Juells what a shocking story. Truly shocking and not surprised that he is now your ex

someonekillbabyshark · 23/09/2018 13:12

@Sjc13. From experience I 100% agree you need a residency order before he can take baby out alone ! And wouldn't even let him go without you yet anyway isn't he a newborn? I'd say 6 months at the youngest! Residency orders are very easy to get hun just apply to the court and a judge will sign of on it! Obviously doesn't mean you have more custody it just means he lives with you and if your husband tried to keep him the police would bring him home xx

Juells · 23/09/2018 13:20

Truly shocking and not surprised that he is now your ex

It always kind of upsets me that I'm quite a tough person, was very self-confident, not at all a doormat, and yet someone felt he could - and did - get away with that when I was vulnerable. I had family support, but how much worse is it for poor women who are quiet and non-confrontational or come from abusive backgrounds, what they're put through gives me the rage. Nothing ever seems to get better for women.

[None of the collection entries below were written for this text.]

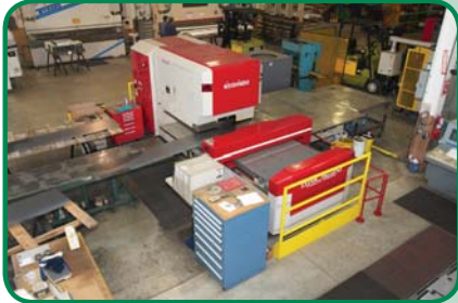
Nisshinbo 22T Hydraulic CNC Turret Punch
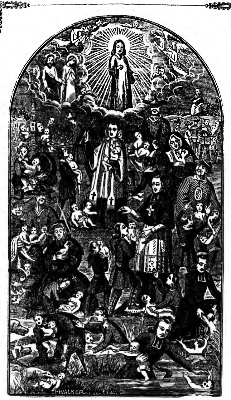
SAVE US, FOR WE PERISH.
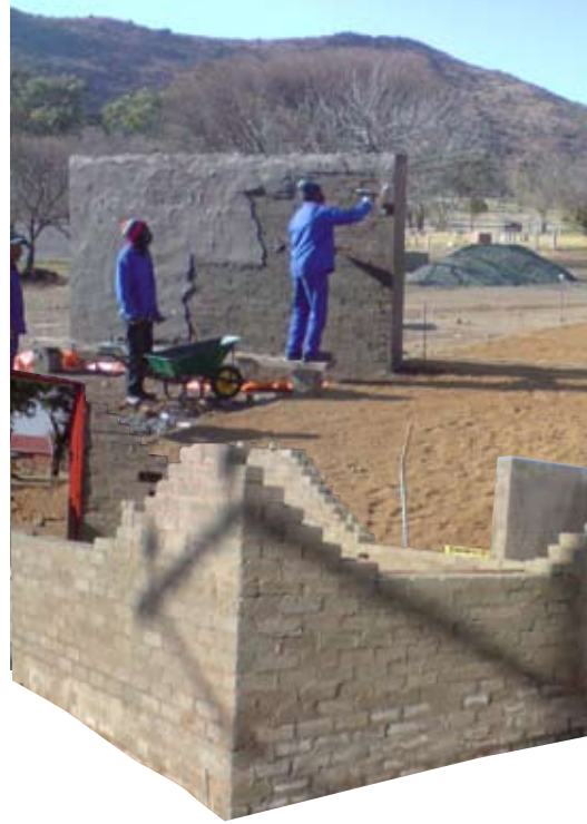
Construction of Chalets at J.L. De Bruin Dam
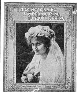
Novelty Ballad Success

Copyright, MCMXV by Frank K. Root & Co. British Copyright Secured
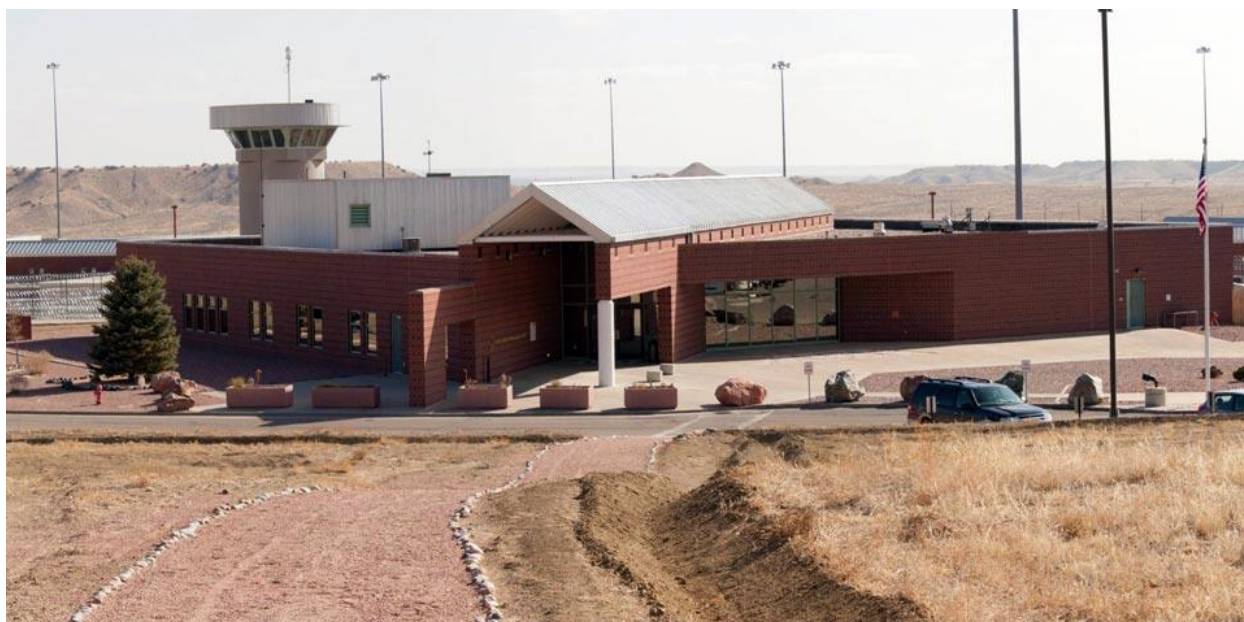
USP Florence ADX
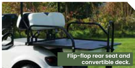
Flip-flop rear seat and convertible deck.
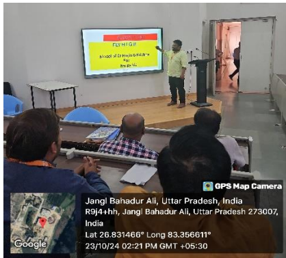
GPS Map Camera Jangl Bahadur Ali, Uttar Pradesh, India R9j4+hh, Jangl Bahadur Ali, Uttar Pradesh 273007, India Lat 26.831466° Long 83.356611° 23/10/24 02:21 PM GMT +05:30
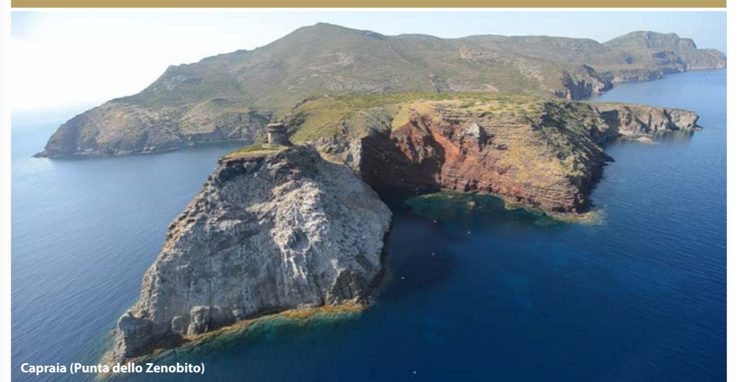
Capraia (Punta dello Zenobito)
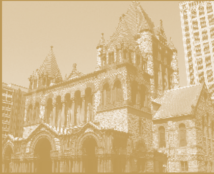
Trinity Church, Copley Square Boston, MA
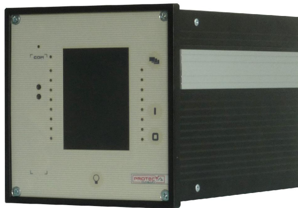
Figure 3 The standard industrial box of EuroProt+ family
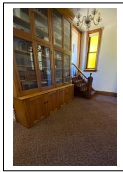
Carpeting and paint
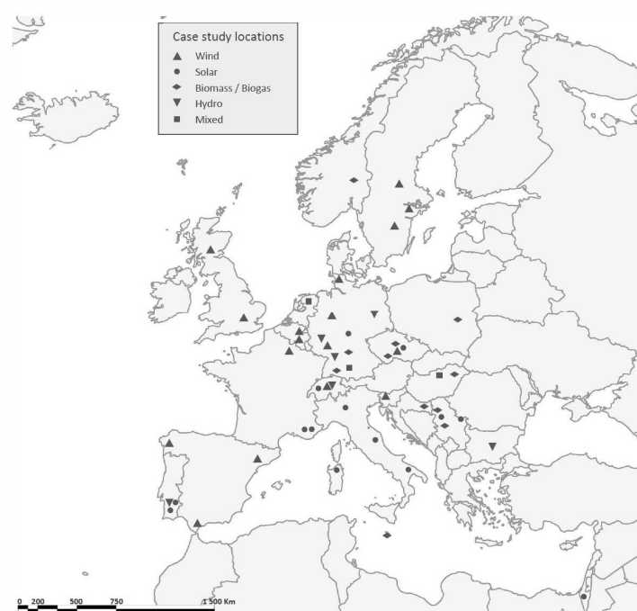
Fig. 1. Location of European smart practice case studies.

countries; (iii) special construction systems for solar panels allowing cultivation and farm mechanization underneath from Italy; and (iv) the project of cultivation of wild flowers and plants as an alternative source for biogas production in Germany.
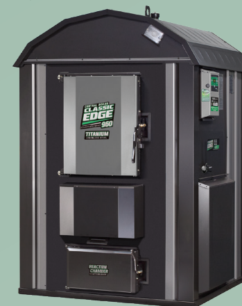
CLASSIC EDGE 960 TITANIUM HDX

Overall Efficiency (LHV) - 92.1%* Overall Efficiency (HHV) - 85.6%* Mfr's Rated Heat Output Capacity - 400,000 Btu/hr Heat Output (12 hr) - 212,957 Btu/hr
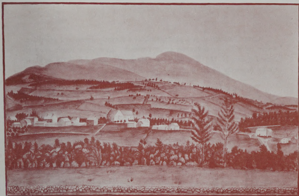
"Old" Main Street, circa 1845
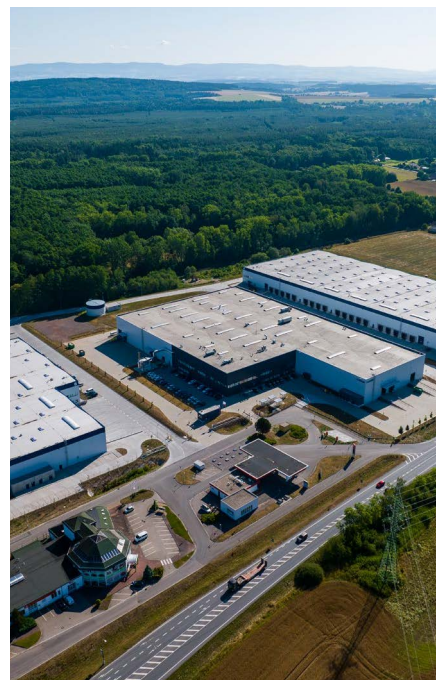
Logistic park Týniště II. a III.
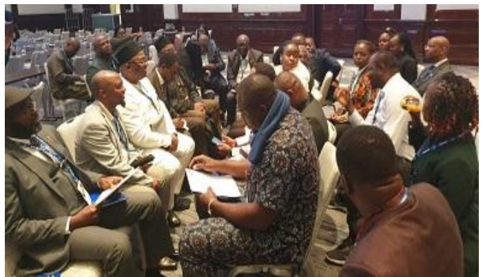
NMA Delegation at Berlin Conference in Germany having a session with other African Countries
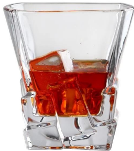
Whiskey Glass-C Size: T9*D5.9*H10cm Capacity: 300ml Weight: 464.5g
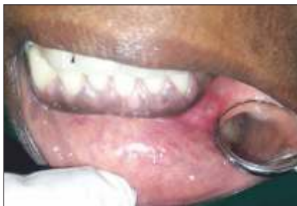
Figure 10 : Two-week postoperative picture

bangourvillagebesttimeever · 23/09/2018 13:25

Totally agree Juells I am a tough woman and with my first ended up in a very unpleasant relationship. Thankfully I sorted myself and left him and it was the best thing I ever did for me and my DS. He tried to wear me down but I didn’t let him. I too feel for those they are struggling within an abusive relationship and can see no way out

Enigmam · 23/09/2018 13:29

Wow @Juells that's shocking! Glad you got rid of him.

Juells · 23/09/2018 13:30

I too feel for those they are struggling within an abusive relationship and can see no way out

For outsiders it's difficult to understand how worn down women can become when they have small children or babies - from being independent financially and every other way they're suddenly vulnerable, exhausted, have no money of their own and haven't had time to adjust to their world being turned upside down.

Juells · 23/09/2018 13:31

Glad you got rid of him.
Ashamed to say that I stayed for many years, until he left with OW Grin

bangourvillagebesttimeever · 23/09/2018 13:53

Juells my mother was beaten for years and I couldnt understand why she didn't leave. My father also left with another woman and it took my DM years to find herself again. She slept with a large kitchen knife under her pillow for along time

MrsOprah · 24/09/2018 07:51

Please don't be persuaded to let him back. A chat with women's aid to clear your head might be a good idea

gottastopeatingchocolate · 24/09/2018 08:56

Hi OP,
This might sound silly, but I see that you are not going to allow contact without a court order, which is appropriate in your situation.

All I wanted to add was to make sure that the order for contact clearly states that the child/ren must be returned at the times specified in the order. Orders tend to be written to the resident parent, telling them what days/hours to make the child/ren available to the non resident parent. If the order does not specifically state what time the child/ren must be returned, then in the event of the NRP not returning them on time, the police can't enforce it. You just ask the judge to write it in to the order.